Sacks has been deeply involved with the tech industry throughout his professional career as a so-called angel investor. From stalwart companies like PayPal to AirBnB to surveillance firms like Palantir, Sacks has been at the forefront of bankrolling some of the most lucrative startups in Silicon Valley. 

As such, key insiders within the crypto industry have exalted Trump for the appointment. 

“Initial reactions from the crypto industry on [the] Sacks appointment has been positive.
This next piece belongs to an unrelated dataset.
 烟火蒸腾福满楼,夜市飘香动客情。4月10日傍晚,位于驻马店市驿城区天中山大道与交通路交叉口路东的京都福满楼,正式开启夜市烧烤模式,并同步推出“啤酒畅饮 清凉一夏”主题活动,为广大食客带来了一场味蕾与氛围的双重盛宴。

Given his purview as a venture capitalist, he’s seen a lot of the innovation in crypto and AI that has been stunted in growth due to various political or regulatory issues the past few years,” Ron Hammond, director of government relations at the Blockchain Association, told WIRED. 
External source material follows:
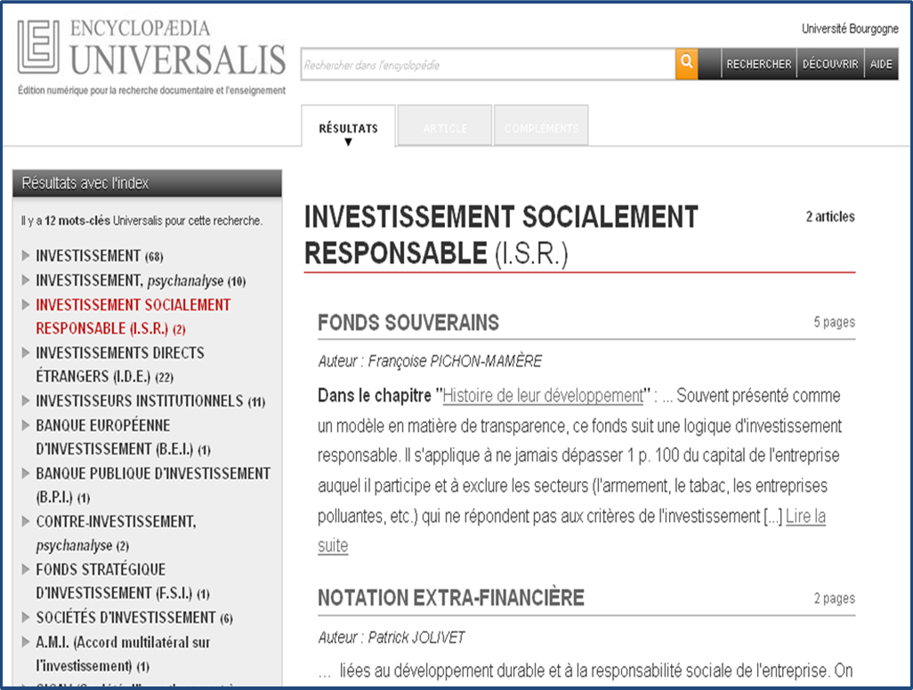 Entrer le terme « investissement socialement responsable » dans la fenêtre Rechercher de l’Encyclopédia Universalis et cliquer sur OK pour obtenir une première sélection d’articles.

“What remains to be seen is how much power the czar role will even have and if it will be more a policy driver position vs. a policy coordinator role.” 

The czar position would not require congressional approval if Sacks is classified as a “special government employee.” 

The move should be appealing for those in MAGA world, as Sacks is a longtime Trump loyalist: He runs in the same circles as right-wingers like billionaires Elon Musk and Peter Thiel, failed Arizona Senate candidate Blake Masters and Vice President-elect JD Vance — whom he provided with $1 million in campaign funds during Vance’s Senate run in 2022. 

His involvement in this coalition of tech ghouls has engendered a particular brand of reactionary politics. A resident of San Francisco, Sacks was influential in ousting the city’s progressive district attorney, Chesa Boudin, whom he insisted was too soft on crime.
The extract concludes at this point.